Bu sayede insanların inançları, sosyal ve siyasal yaşamı kontrol altına alınır. Ve o zaman da insanlığın düşe-kalka, deneye-sınaya öğrendiği yaşamı kolaylaştıran barışçı değerler önemsizleşir.
İşte o zaman egolara coşku verecek, korku salacak, öldürüp yok edecek şiddet araçları çoğalır ve savaşlar çıkar.
Savaşların coşku aracı olduğu, barışın unutulduğu günler yaşıyoruz. Bunun nedeni de çok açık: düzenlerini sürdürmek için halkı korkularla sindirip, susturmak istiyorlar.
Ülke halkı, hak gasplarını, işsizliği, yoksulluğu, yolsuzluğu, iflasları görüp yaşıyorken, iç-dış borçlar artmış hazine bomboşken, iktidardan çözüm olabilecek hiçbir çaba görünmüyor.
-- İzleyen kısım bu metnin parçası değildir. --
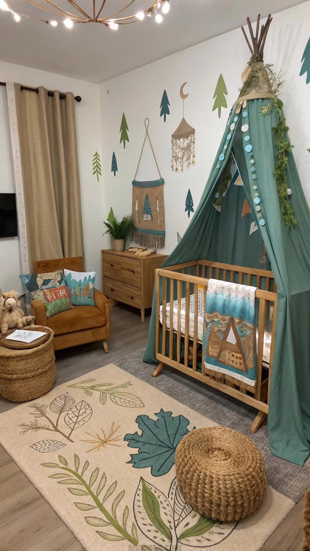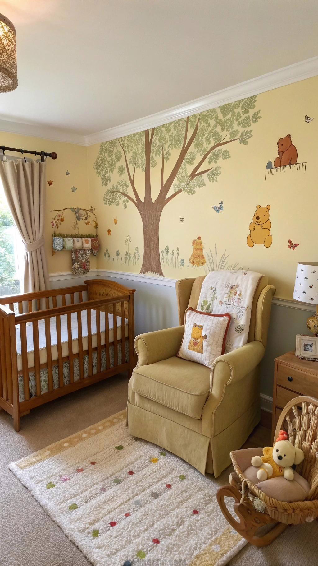 Incorporate cozy furniture, such as a rocking chair for bedtime stories and a crib with soft, plush bedding. You can also add a whimsical touch with wall decals of trees and honey pots, creating a serene environment that feels like a storybook come to life.

Tek adamın isteği, şiddet ve korkunun yarattığı algılarla halk desteği kalmamış olan iktidarını korumak.
Bunun için buluştuğu kişilerle ve kurulan masalarda pazarlık yaparak, bedelini torunlarımızın ödeyeceği borçlarla, ölüm aracı mermi, bomba, top, İHA, SİHA, F16 vb. istemektedir.
Bu hayatta gerçekler pahalı, hayatlar ucuzdur!
Her ülkenin coğrafyası, ekonomisi, kültürü kendisine özgü bazı farklıklar göstermektedir. Bunları esas almayan değerlendirme ve kıyaslamalar çok önemli yanılgılara neden olabilir.
Fakat ‘demokrasi’ söz konusu olunca iş değişir. Çünkü demokrasi ve özgürlükler her insan için ve eşit olması gereken haklardır. Kısacası: demokrasinin azı çoğu olmaz!
Evet akıl-mantık böyle söylüyorsa da yaşanan gerçeklik çok çok farklıdır. Herkes için eşit olması gereken bu haklar, kimilerine dirhem verilmezken kimilerine kepçelerle, kazanlarla verilmektedir.
Bu zıtlık ve tuhaflıkların asıl nedeni ise o toplumlardaki egemen devlet gücünün yönetim anlayışından kaynaklıdır.
Demokrasi, toplumdaki büyük çoğunluğun yani orta sınıfın özlem ve istekleridir. Demokrasiler ortaklaşa akılla yol alındıkları için ‘bir bilen’lere gerek duymazlar.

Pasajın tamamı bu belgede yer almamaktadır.